EXERCISE DETAILS
Print the records below exactly, from the line containing "打开了腾讯直播网页后,可以看到左方有‘英超’的链接,点击打开。" down to the line containing "下の図のおうぎ形ACEの面積", both lines included, and omit every picture.

RECORDED INFORMATION
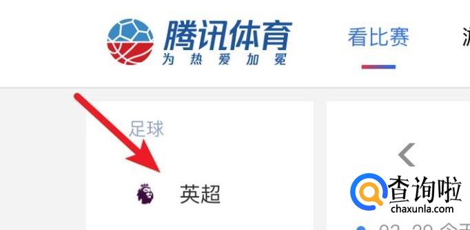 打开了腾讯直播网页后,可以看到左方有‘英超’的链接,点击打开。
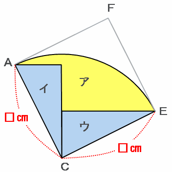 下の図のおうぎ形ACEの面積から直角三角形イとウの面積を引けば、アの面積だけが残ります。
==
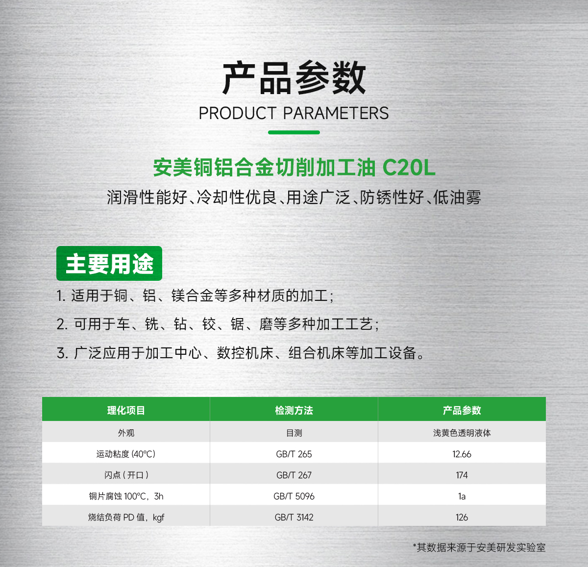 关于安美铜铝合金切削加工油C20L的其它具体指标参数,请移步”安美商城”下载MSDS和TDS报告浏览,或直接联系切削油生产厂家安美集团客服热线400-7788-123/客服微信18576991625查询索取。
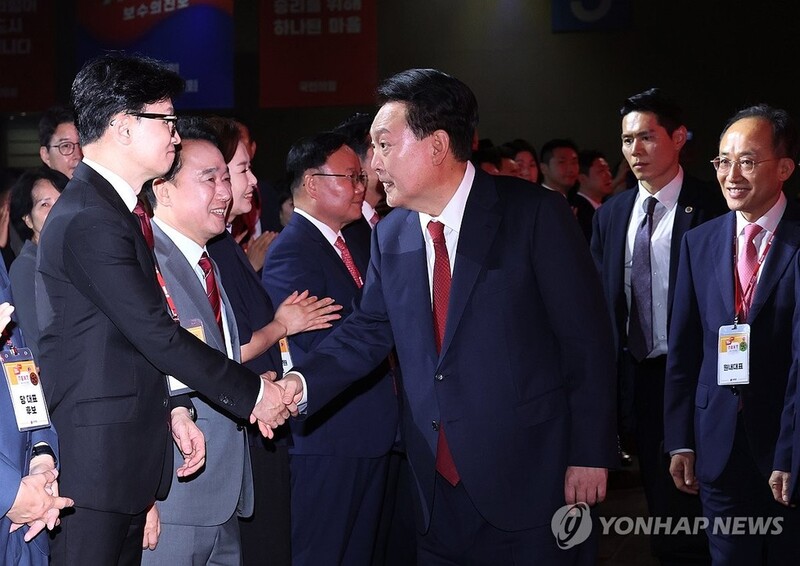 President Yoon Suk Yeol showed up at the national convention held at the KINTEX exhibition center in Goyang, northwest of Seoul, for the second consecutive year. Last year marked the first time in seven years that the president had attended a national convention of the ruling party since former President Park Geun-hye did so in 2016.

RESULT FOR THIS TASK
 打开了腾讯直播网页后,可以看到左方有‘英超’的链接,点击打开。
 下の図のおうぎ形ACEの面積から直角三角形イとウの面積を引けば、アの面積だけが残ります。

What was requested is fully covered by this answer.